А  Б  В  Г  Д  Е  Ж  З  И  Й  К  Л  М  Н  О  П  Р  С  Т  У  Ф  Х  Ц  Ч  Ш  Щ  Э  Ю  Я  A-Z

 


На РКФ Трулезанд пришел по доброй воле и в известном смысле благодаря самокритике. Сам он так об этом рассказывал:
— Вот, стало быть, зуб у меня крошился да крошился. Я — к зубному. Объясняю ему, что и как, а он говорит: «Вы, кажется, тоже из Штеттина? Теперь там поляк сидит». И вздохнул. Я ему: «Господин доктор, поляки в Щецине, так он теперь зовется, надо бы нам уже привыкнуть». А он: «Это,— говорит,— нелегкая задача». Ну, думаю, со шпателем во рту тебя не переспоришь, и с трудом спрашиваю, что у меня с зубом. «Кариес,— отвечает он,— кариес у вас». Ну я, конечно, хочу знать причину кариеса. Он полагает, что от недоедания. «А причина недоедания, в чем вы ее видите?» — спрашиваю я. Тут уж он мне эдак покровительственно отвечает: «Это ведь вам известно — последствия войны!» Тогда я ему задаю главный вопрос: «Что же является причиной войны?» Он было замолчал, а потом сообразил и говорит: «Ответить на это — задача нелегкая». И я решил ему малость помочь. Такой барьер ему самому не преодолеть из-за ограниченности сознания.

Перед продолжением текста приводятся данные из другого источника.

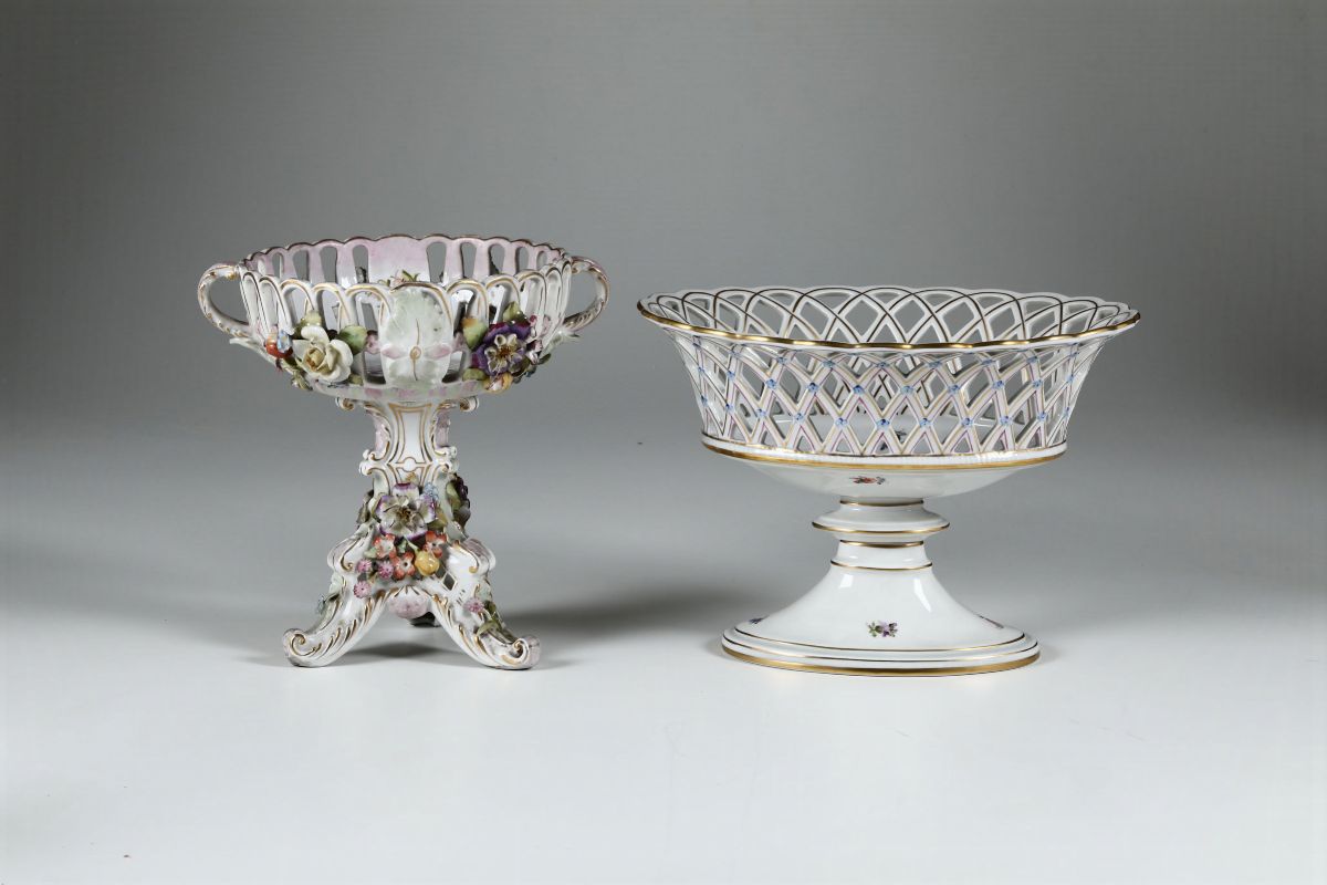 Due alzatine e due cestini Herend e Plaue, fine XIX - XX secolo

Говорю ему: «Научными исследованиями доказано, что причина войны, о которой вы говорите,— империализм, то есть высшая стадия капитализма, вот она, причина». Он как раз подбирал бор и покосился на меня через плечо с таким выражением, что — вижу я — рад-радешенек мне ответить: «Если я правильно понял, виновник вашей зубной боли — капитализм?» — «Да»,— отвечаю я, но чую, сейчас он мне выдаст! Он и выдал: «Выходит, в средние века кариеса не было. И когда наступит социализм, зубная боль прекратится. Как вы полагаете, дело ограничится зубами или же воспаление среднего уха и ангина тоже исчезнут?» Я бы и тут кивнул, но дело рискованное. Представляете, у нас уже социализм, а я встречаюсь с доктором на улице, и он говорит: «Радуйтесь, у вас социализм, но, скажу вам по секрету, зубы у людей все еще болят. В чем же теперь причина, как вы думаете, ведь вы так хорошо разбираетесь в причинах».
— Значит,— сказал кто-то из слушателей,— ты захотел стать зубным врачом?

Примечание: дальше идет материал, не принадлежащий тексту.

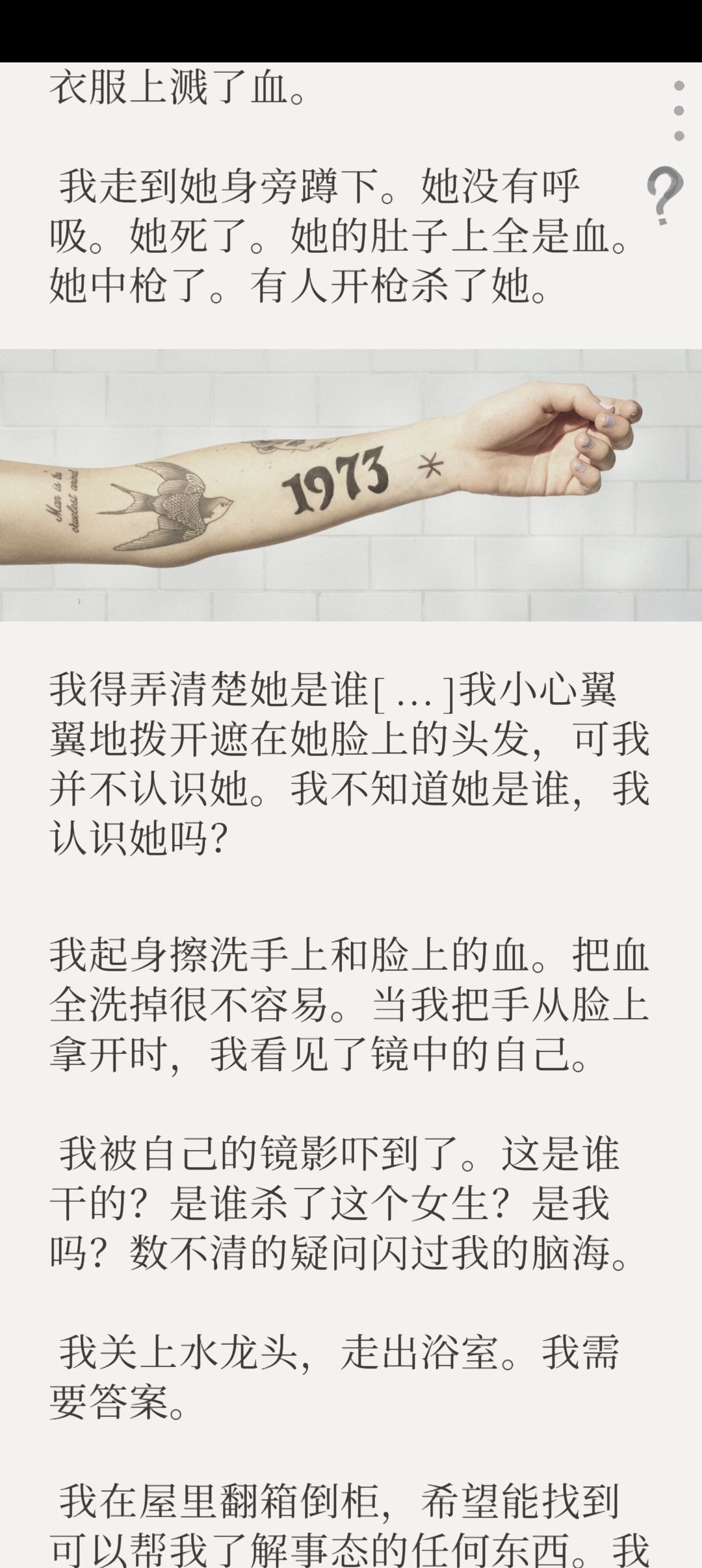 1.查看手臂纹身数字,需要让手机头部倾斜朝下,手机重力感应到,游戏图片里的手就会翻面。可以得到数字1973

— Хотел поначалу,— ответил Трулезанд,— но как же быть с проблемами, которые не лезут в рамки профессии? Не-ет, ребята, смотреть надо в корень. Вот Трулезанд и решил изучать философию. Тогда он и с зубным врачом поспорит.

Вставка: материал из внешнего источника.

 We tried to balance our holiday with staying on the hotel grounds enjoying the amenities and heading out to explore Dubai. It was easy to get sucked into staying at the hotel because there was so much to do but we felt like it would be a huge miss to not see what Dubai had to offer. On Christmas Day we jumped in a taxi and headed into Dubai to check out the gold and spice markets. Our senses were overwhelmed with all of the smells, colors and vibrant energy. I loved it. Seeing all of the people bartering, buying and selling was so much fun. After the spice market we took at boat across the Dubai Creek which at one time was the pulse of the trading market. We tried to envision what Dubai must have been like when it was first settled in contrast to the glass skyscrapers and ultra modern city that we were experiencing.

* Всякий раз, когда Роберт вспоминал о Трулезанде, его начинала мучить совесть. И сколько ни твердил он себе, что это глупо и сентиментально, ничего с собой поделать не мог. У Роберта было много друзей, но ни раньше, ни уж тем более после не было такого, как Трулезанд. Их дружба началась не с драмы и не с подвига, ни один из них не выносил другого из огня и не
вытаскивал из ревущей пучины, но можно было не сомневаться: и тот и другой сделали бы это не задумываясь. Только время их разлучило. Время и обстоятельства — бессмысленно питать к ним злобу. И все-таки Роберт питал злобу, потому что, потеряв Трулезанда, он ощутил пустоту, и пустоту эту ничто не могло заполнить. Роберт ощущал ее, когда его одолевали заботы и когда он попадал в беду, но еще больше, когда выпадали счастливые дни. Достаточно было сказать Трулезанду: «Эх, старина!» — и в ответ услышать: «Да, старина»,— чтобы уяснить себе ситуацию, по достоинству ее оценить и занести в общий список воспоминаний, откуда черпай потом сколько душе угодно: «Помнишь, как епископ пил с нами томатное вино твоего шурина и уплетал салат моей тетушки?» — «Еще бы, старина!»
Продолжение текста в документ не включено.